GradSampleModule

class opacus.grad_sample.grad_sample_module.GradSampleModule(m, *, batch_first=True, loss_reduction='mean', strict=True, force_functorch=False)[source]

Hooks-based implementation of AbstractGradSampleModule

Computes per-sample gradients using custom-written methods for each layer. See README.md for more details

Parameters:
  • m (Module) – nn.Module to be wrapped

  • batch_first – Flag to indicate if the input tensor to the corresponding module has the first dimension representing the batch. If set to True, dimensions on input tensor are expected be [batch_size, ...], otherwise [K, batch_size, ...]

  • loss_reduction – Indicates if the loss reduction (for aggregating the gradients) is a sum or a mean operation. Can take values “sum” or “mean”

  • strict (bool) – If set to True, the input module will be validated to check that GradSampleModule has grad sampler functions for all submodules of the input module (i.e. if it knows how to calculate per sample gradients) for all model parameters. If set to False, per sample gradients will be computed on “best effort” basis - they will be available where possible and set to None otherwise. This is not recommended, because some unsupported modules (e.g. BatchNorm) affect other parameters and invalidate the concept of per sample gradients for the entire model.

  • force_functorch – If set to True, will use functorch to compute all per sample gradients. Otherwise, functorch will be used only for layers without registered grad sampler methods.

Raises:

NotImplementedError – If strict is set to True and module m (or any of its submodules) doesn’t have a registered grad sampler function.

add_hooks(*, loss_reduction='mean', batch_first=True, force_functorch=False)[source]
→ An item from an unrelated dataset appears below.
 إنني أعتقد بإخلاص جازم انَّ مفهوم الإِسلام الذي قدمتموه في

Adds hooks to model to save activations and backprop values. The hooks will 1. save activations into param.activations during forward pass 2. compute per-sample gradients in params.grad_sample during backward pass. Call remove_hooks(model) to disable this.

Parameters:
  • model – the model to which hooks are added

  • batch_first (bool) – Flag to indicate if the input tensor to the corresponding module has the first dimension representing the batch. If set to True, dimensions on input tensor are expected be [batch_size, ...], otherwise [K, batch_size, ...]
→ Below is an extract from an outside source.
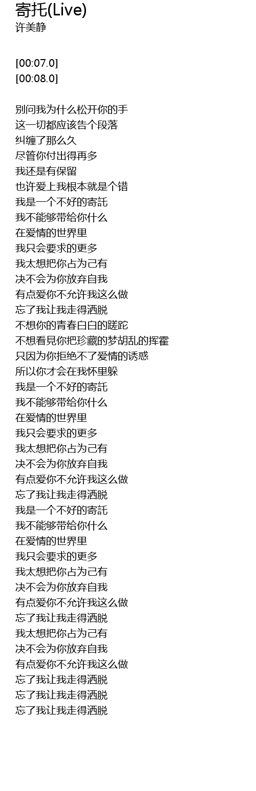 | [02:01.0] | wǒ shì yí gè bù hǎo de jì tuō |

  • loss_reduction (str) – Indicates if the loss reduction (for aggregating the gradients) is a sum or a mean operation. Can take values “sum” or “mean”

  • force_functorch (bool) – If set to True, will use functorch to compute all per sample gradients. Otherwise, functorch will be used only for layers without registered grad sampler methods.

Return type:

None

allow_grad_accumulation()[source]

Unsets a flag to detect gradient accumulation (multiple forward/backward passes without an optimizer step or clearing out gradients).

When set, GradSampleModule will throw a ValueError on the second backward pass. :return:

capture_backprops_hook(module, _forward_input, forward_output, loss_reduction, batch_first)[source]

Computes per sample gradients given the current backprops and activations stored by the associated forward hook. Computed per sample gradients are stored in grad_sample field in each parameter.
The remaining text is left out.